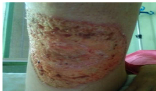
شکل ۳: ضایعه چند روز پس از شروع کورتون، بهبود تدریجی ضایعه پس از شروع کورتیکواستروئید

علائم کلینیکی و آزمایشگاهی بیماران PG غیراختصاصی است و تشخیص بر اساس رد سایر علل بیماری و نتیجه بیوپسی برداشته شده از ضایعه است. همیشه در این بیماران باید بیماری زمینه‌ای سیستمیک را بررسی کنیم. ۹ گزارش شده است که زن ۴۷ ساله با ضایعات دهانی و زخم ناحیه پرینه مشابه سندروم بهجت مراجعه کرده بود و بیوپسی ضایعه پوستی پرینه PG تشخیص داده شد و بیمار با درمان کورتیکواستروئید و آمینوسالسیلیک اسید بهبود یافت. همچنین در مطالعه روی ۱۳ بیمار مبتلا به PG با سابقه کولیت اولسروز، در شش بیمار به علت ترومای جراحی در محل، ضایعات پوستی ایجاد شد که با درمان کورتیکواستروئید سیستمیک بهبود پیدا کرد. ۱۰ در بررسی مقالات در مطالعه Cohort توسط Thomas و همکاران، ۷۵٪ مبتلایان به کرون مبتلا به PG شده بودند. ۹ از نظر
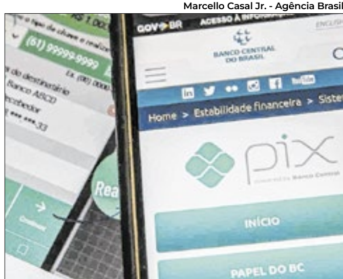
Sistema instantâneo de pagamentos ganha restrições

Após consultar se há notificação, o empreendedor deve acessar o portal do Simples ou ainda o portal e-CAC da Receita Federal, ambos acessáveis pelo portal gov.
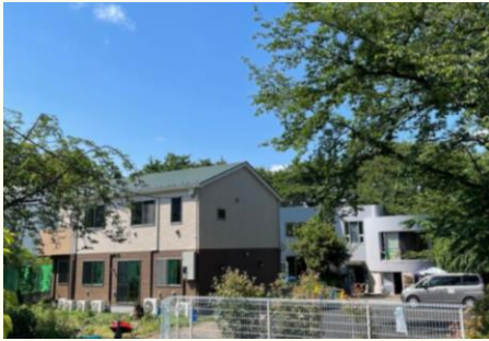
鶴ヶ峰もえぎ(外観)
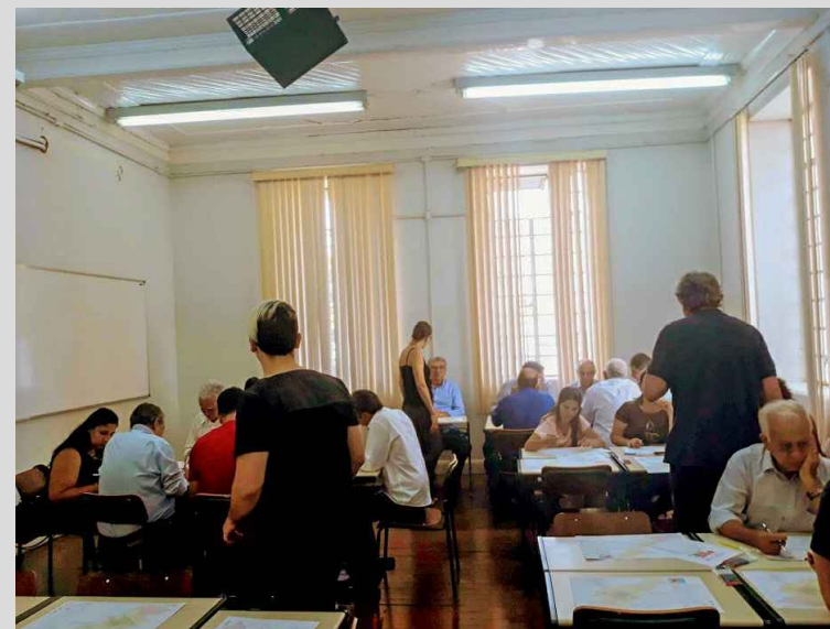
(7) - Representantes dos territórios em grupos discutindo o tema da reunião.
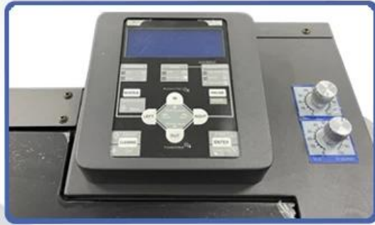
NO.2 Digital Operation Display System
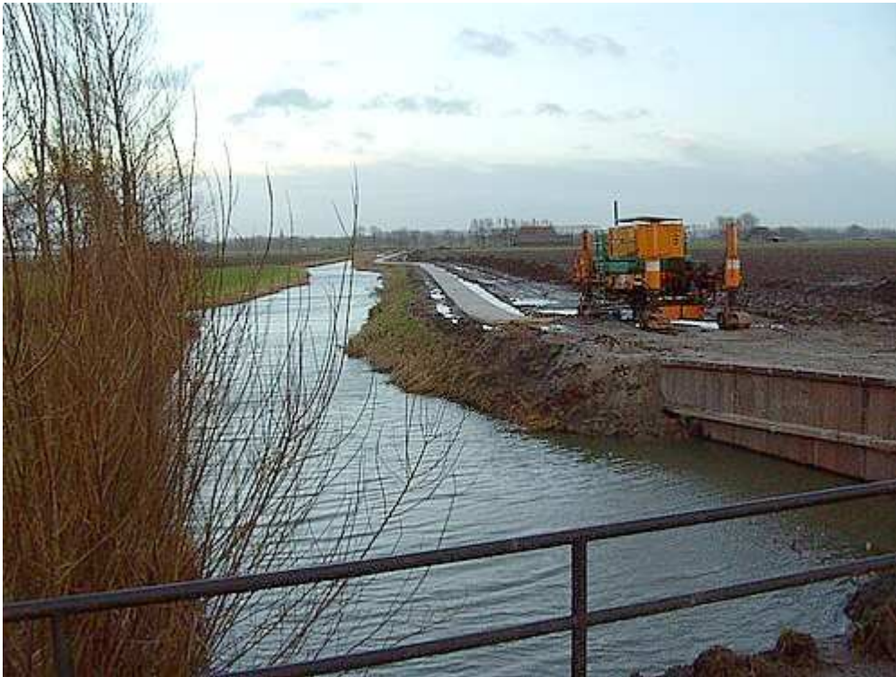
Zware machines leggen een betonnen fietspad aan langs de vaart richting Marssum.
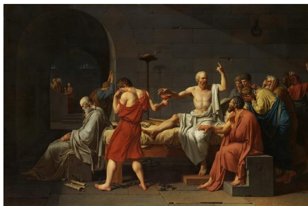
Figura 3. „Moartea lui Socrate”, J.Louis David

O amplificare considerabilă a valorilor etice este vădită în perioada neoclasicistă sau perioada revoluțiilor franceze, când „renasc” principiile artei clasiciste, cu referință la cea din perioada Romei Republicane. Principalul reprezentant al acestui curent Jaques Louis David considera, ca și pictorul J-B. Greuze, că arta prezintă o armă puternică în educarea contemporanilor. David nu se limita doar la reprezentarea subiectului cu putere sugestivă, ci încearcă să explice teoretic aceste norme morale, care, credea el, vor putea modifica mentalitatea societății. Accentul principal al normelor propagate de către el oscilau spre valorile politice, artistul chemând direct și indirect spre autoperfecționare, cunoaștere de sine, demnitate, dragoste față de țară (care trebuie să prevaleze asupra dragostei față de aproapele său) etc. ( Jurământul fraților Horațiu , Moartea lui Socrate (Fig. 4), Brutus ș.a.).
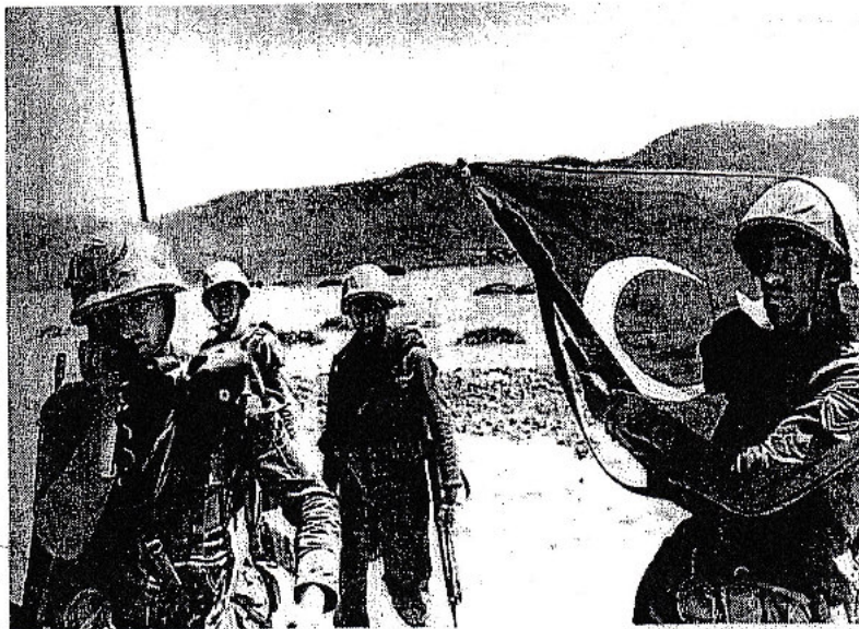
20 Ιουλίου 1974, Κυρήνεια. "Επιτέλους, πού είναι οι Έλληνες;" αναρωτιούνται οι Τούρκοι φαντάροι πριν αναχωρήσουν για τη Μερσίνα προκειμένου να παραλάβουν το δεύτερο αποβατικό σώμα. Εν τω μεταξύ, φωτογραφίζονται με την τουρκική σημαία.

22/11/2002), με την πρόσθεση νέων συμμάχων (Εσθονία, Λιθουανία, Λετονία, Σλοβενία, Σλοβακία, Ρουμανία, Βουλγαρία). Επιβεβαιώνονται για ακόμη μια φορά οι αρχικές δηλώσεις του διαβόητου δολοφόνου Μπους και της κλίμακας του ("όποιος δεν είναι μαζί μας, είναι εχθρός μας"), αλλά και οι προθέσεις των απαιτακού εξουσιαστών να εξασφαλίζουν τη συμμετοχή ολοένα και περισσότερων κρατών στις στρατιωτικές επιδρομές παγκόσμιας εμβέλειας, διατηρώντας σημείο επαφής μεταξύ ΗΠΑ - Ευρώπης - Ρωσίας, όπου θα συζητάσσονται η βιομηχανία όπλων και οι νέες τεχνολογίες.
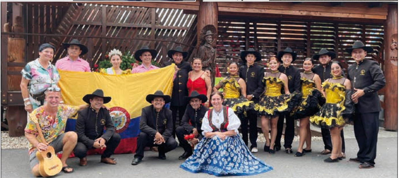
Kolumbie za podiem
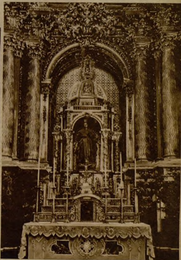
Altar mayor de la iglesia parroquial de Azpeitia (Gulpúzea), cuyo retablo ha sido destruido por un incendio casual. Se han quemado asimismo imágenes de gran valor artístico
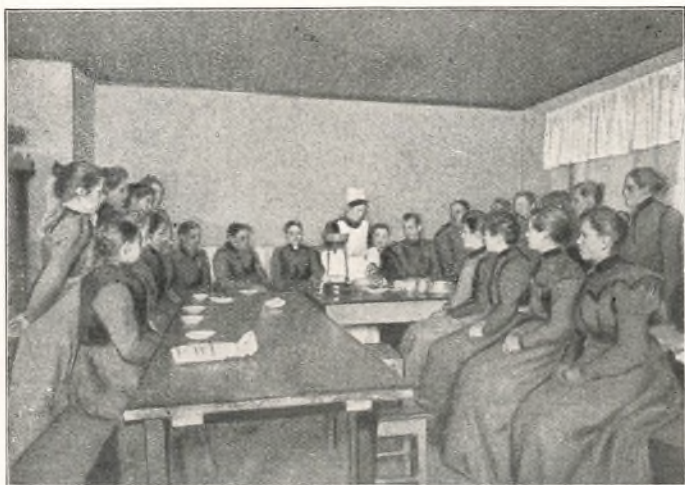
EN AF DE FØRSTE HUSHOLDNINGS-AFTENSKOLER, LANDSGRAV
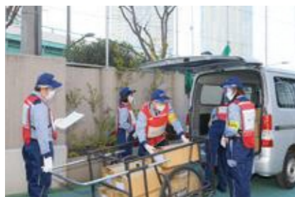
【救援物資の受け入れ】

- Your goal:
Without including any pictures, repeat the records above exactly.

- Result of the exercise:
شکل ۳: ضایعه چند روز پس از شروع کورتون، بهبود تدریجی ضایعه پس از شروع کورتیکواستروئید

علائم کلینیکی و آزمایشگاهی بیماران PG غیراختصاصی است و تشخیص بر اساس رد سایر علل بیماری و نتیجه بیوپسی برداشته شده از ضایعه است. همیشه در این بیماران باید بیماری زمینه‌ای سیستمیک را بررسی کنیم. ۹ گزارش شده است که زن ۴۷ ساله با ضایعات دهانی و زخم ناحیه پرینه مشابه سندروم بهجت مراجعه کرده بود و بیوپسی ضایعه پوستی پرینه PG تشخیص داده شد و بیمار با درمان کورتیکواستروئید و آمینوسالسیلیک اسید بهبود یافت. همچنین در مطالعه روی ۱۳ بیمار مبتلا به PG با سابقه کولیت اولسروز، در شش بیمار به علت ترومای جراحی در محل، ضایعات پوستی ایجاد شد که با درمان کورتیکواستروئید سیستمیک بهبود پیدا کرد. ۱۰ در بررسی مقالات در مطالعه Cohort توسط Thomas و همکاران، ۷۵٪ مبتلایان به کرون مبتلا به PG شده بودند. ۹ از نظر
Sistema instantâneo de pagamentos ganha restrições

Após consultar se há notificação, o empreendedor deve acessar o portal do Simples ou ainda o portal e-CAC da Receita Federal, ambos acessáveis pelo portal gov.
鶴ヶ峰もえぎ(外観)
(7) - Representantes dos territórios em grupos discutindo o tema da reunião.
NO.2 Digital Operation Display System
Zware machines leggen een betonnen fietspad aan langs de vaart richting Marssum.
Figura 3. „Moartea lui Socrate”, J.Louis David

O amplificare considerabilă a valorilor etice este vădită în perioada neoclasicistă sau perioada revoluțiilor franceze, când „renasc” principiile artei clasiciste, cu referință la cea din perioada Romei Republicane. Principalul reprezentant al acestui curent Jaques Louis David considera, ca și pictorul J-B. Greuze, că arta prezintă o armă puternică în educarea contemporanilor. David nu se limita doar la reprezentarea subiectului cu putere sugestivă, ci încearcă să explice teoretic aceste norme morale, care, credea el, vor putea modifica mentalitatea societății. Accentul principal al normelor propagate de către el oscilau spre valorile politice, artistul chemând direct și indirect spre autoperfecționare, cunoaștere de sine, demnitate, dragoste față de țară (care trebuie să prevaleze asupra dragostei față de aproapele său) etc. ( Jurământul fraților Horațiu , Moartea lui Socrate (Fig. 4), Brutus ș.a.).
20 Ιουλίου 1974, Κυρήνεια. "Επιτέλους, πού είναι οι Έλληνες;" αναρωτιούνται οι Τούρκοι φαντάροι πριν αναχωρήσουν για τη Μερσίνα προκειμένου να παραλάβουν το δεύτερο αποβατικό σώμα. Εν τω μεταξύ, φωτογραφίζονται με την τουρκική σημαία.

22/11/2002), με την πρόσθεση νέων συμμάχων (Εσθονία, Λιθουανία, Λετονία, Σλοβενία, Σλοβακία, Ρουμανία, Βουλγαρία). Επιβεβαιώνονται για ακόμη μια φορά οι αρχικές δηλώσεις του διαβόητου δολοφόνου Μπους και της κλίμακας του ("όποιος δεν είναι μαζί μας, είναι εχθρός μας"), αλλά και οι προθέσεις των απαιτακού εξουσιαστών να εξασφαλίζουν τη συμμετοχή ολοένα και περισσότερων κρατών στις στρατιωτικές επιδρομές παγκόσμιας εμβέλειας, διατηρώντας σημείο επαφής μεταξύ ΗΠΑ - Ευρώπης - Ρωσίας, όπου θα συζητάσσονται η βιομηχανία όπλων και οι νέες τεχνολογίες.
Kolumbie za podiem
Altar mayor de la iglesia parroquial de Azpeitia (Gulpúzea), cuyo retablo ha sido destruido por un incendio casual. Se han quemado asimismo imágenes de gran valor artístico
EN AF DE FØRSTE HUSHOLDNINGS-AFTENSKOLER, LANDSGRAV
【救援物資の受け入れ】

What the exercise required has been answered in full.